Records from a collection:
((

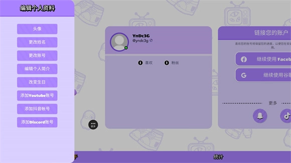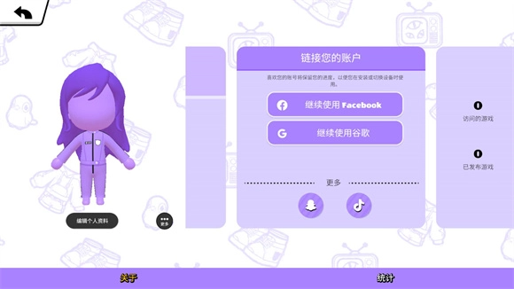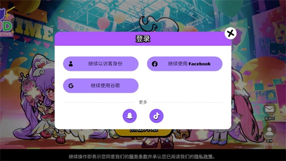 此时会弹出登录界面,游戏提供游客、脸书、谷歌、抖音、snapchat五种登录方式,选择对应的方式并输入账号密码即可完成登录。
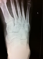 Back to the point. Last summer after snapping my 5th metatarsal for the second time in mere months I had a follow up xray six weeks out that could not have been any worse. Here's the evidence of just how bad that was. A month and a half after breaking my foot and it had actually gotten worse, not better.
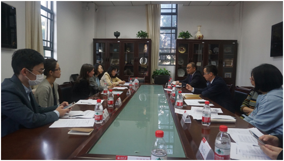 学校国际交流部部长李晓述、副部长罗安娜出席座谈会。湖北省委外办欧非处副处长周舟陪同访问。
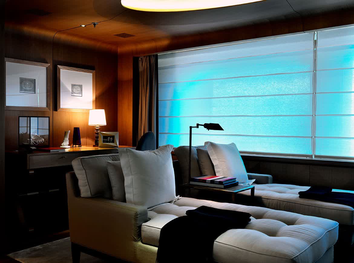 The exterior of High Power III, designed by Design Studio Spadolini, is characterized by numerous curved and continuous lines. The blue hull gently slopes down towards the stern on top of which the tiers of the superstructure elegantly lie, reminiscent of the fluid lines and flowing water of the Trevi Fountain.
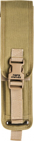8.75" (22.23cm) overall. 4.25" (10.8cm) black traction coated 1095HC steel blade. Tan canvas micarta handle. Full tang. Lanyard hole. Tan ballistic nylon MOLLE compatible belt sheath. Bulk packed.
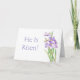 Cumprimento do dia da ressurreição da páscoa do vintage que caracteriza flores roxas bonitas, um crucifixo e o texto que lê, "é aumentado!". Personalize este cartão com seu próprio texto clicando o botão da personalização.
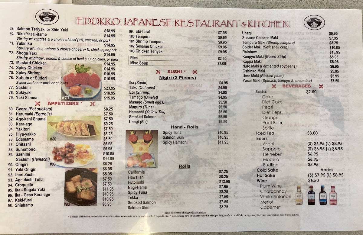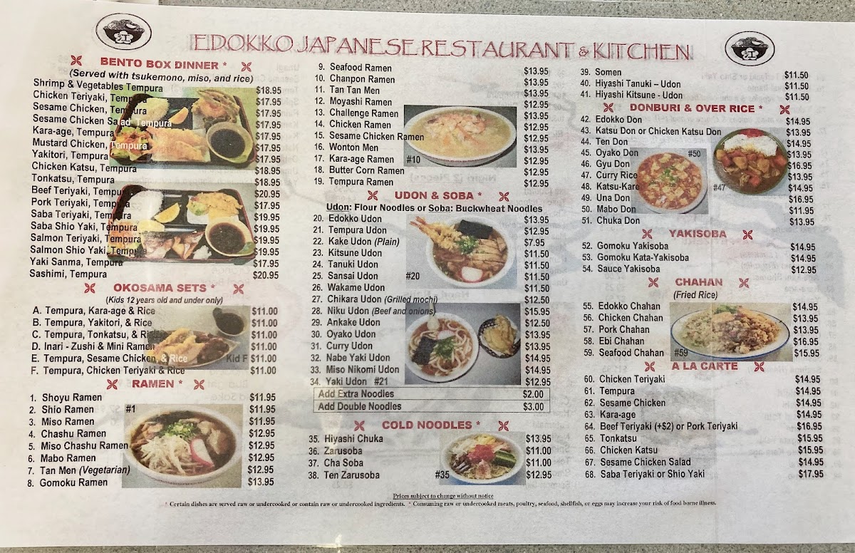 Edokko offers a welcoming and straightforward menu that feels like a comforting embrace of traditional Japanese flavors. The selection balances casual bites and heartier dishes, making it a great spot for anything from a relaxed lunch to a cozy dinner. Whether you’re in the mood for a steaming bowl of Mabo Ramen or a carefully prepared Bento box, the menu provides satisfying options that fit well with the restaurant’s warm, neighborhood atmosphere.
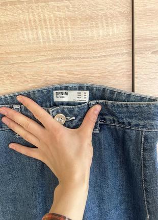 Джинсові штани прямі і розклешонні вниз, вільні в ногах, але по розміру в талії та попі
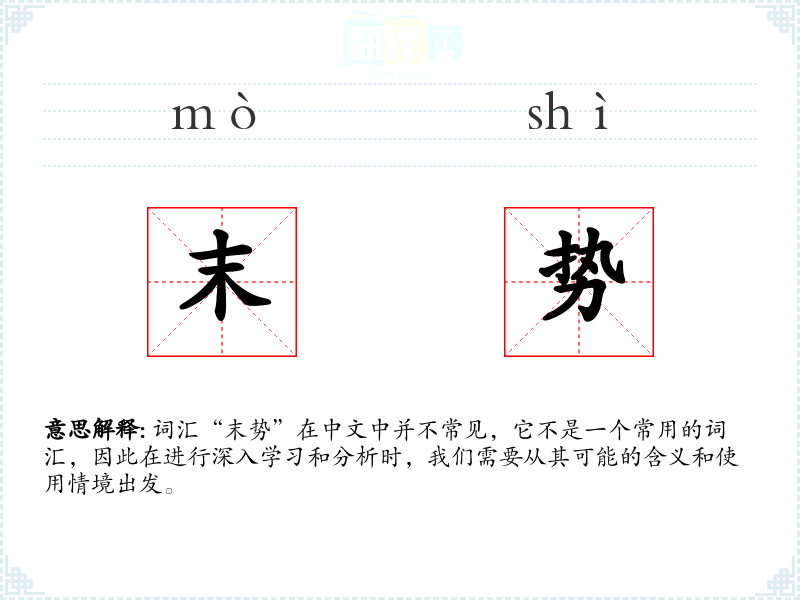 词汇“末势”在中文中并不常见,它不是一个常用的词汇,因此在进行深入学*和分析时,我们需要从其可能的含义和使用情境出发。
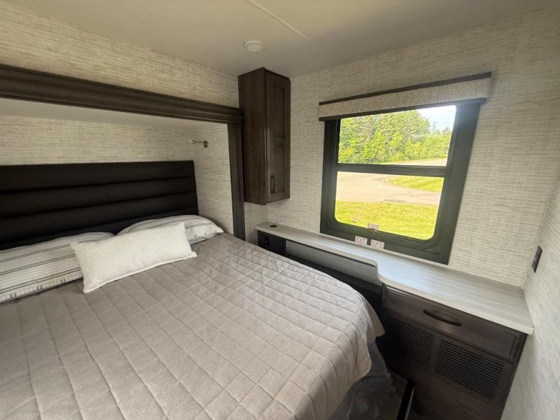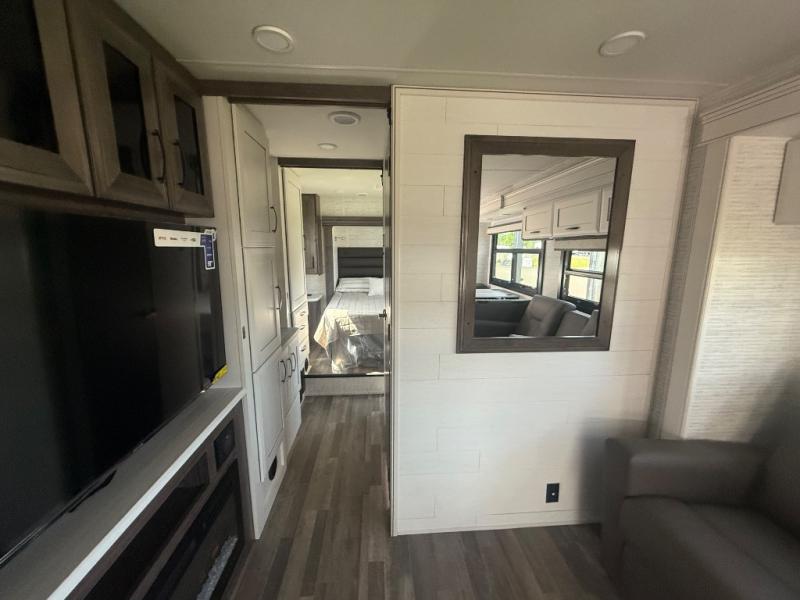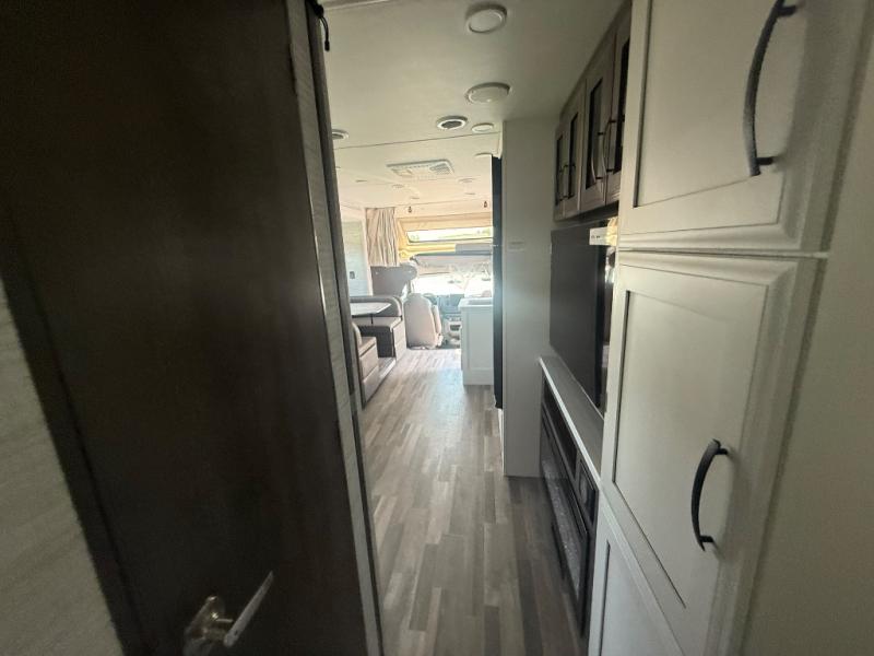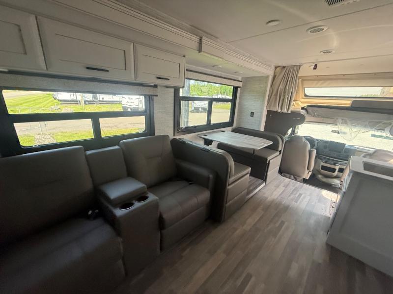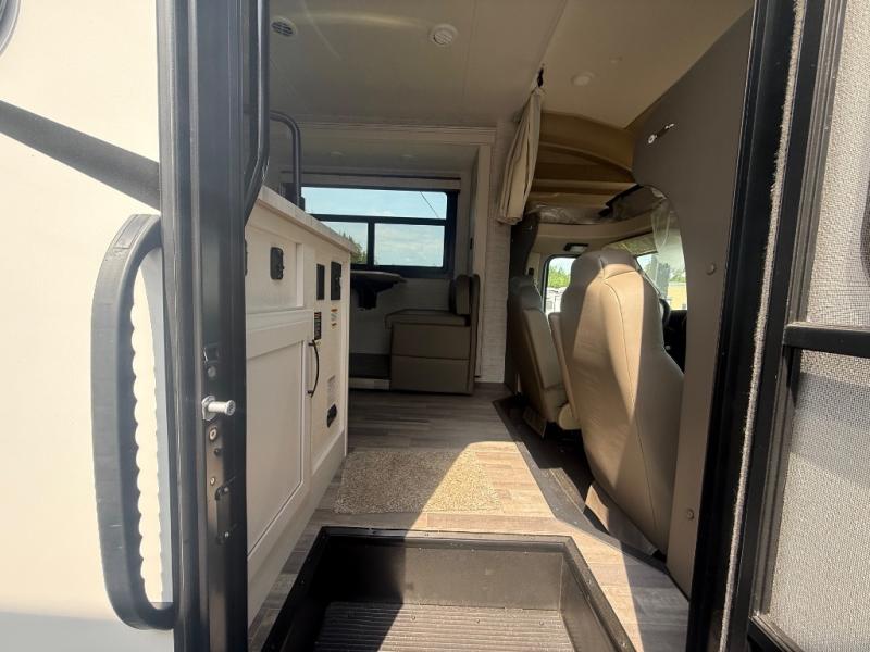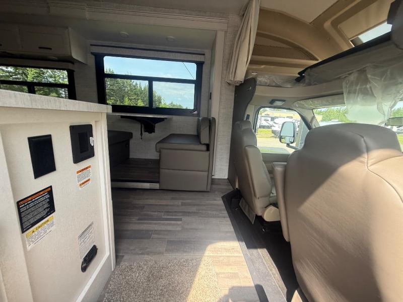With any Greyhawk Class C gas motorhome by Jayco you will experience smooth sailing thanks to the JRIDE PLUS that comes with Koni shock absorbers, a computer-balanced driveshaft, Hellwig helper springs, and more. The Ford E-450 chassis with a 7.3L V8 325 HP engine will power your excursions, and you'll appreciate the added safety features for your peace of mind. Each model features a Sony infotainment center with Apple CarPlay and Android Auto, backup and side-view cameras, and a tire pressure monitor system the driver is sure to appreciate. Durable construction begins with Stronghold VBL roof, floor and sidewalls, bead-foam insulation, and a one-piece seamless fiberglass front cap. Head inside to find blackout night roller shades, LED-lit pressed countertops, an 84" interior ceiling height, and hardwood cabinet doors and drawers.

))

Start at the top of the entries and repeat each line exactly, ending at the line that contains "The exterior of". Pictures are not part of the copy.

 此时会弹出登录界面,游戏提供游客、脸书、谷歌、抖音、snapchat五种登录方式,选择对应的方式并输入账号密码即可完成登录。
 Back to the point. Last summer after snapping my 5th metatarsal for the second time in mere months I had a follow up xray six weeks out that could not have been any worse. Here's the evidence of just how bad that was. A month and a half after breaking my foot and it had actually gotten worse, not better.
 学校国际交流部部长李晓述、副部长罗安娜出席座谈会。湖北省委外办欧非处副处长周舟陪同访问。
 The exterior of High Power III, designed by Design Studio Spadolini, is characterized by numerous curved and continuous lines. The blue hull gently slopes down towards the stern on top of which the tiers of the superstructure elegantly lie, reminiscent of the fluid lines and flowing water of the Trevi Fountain.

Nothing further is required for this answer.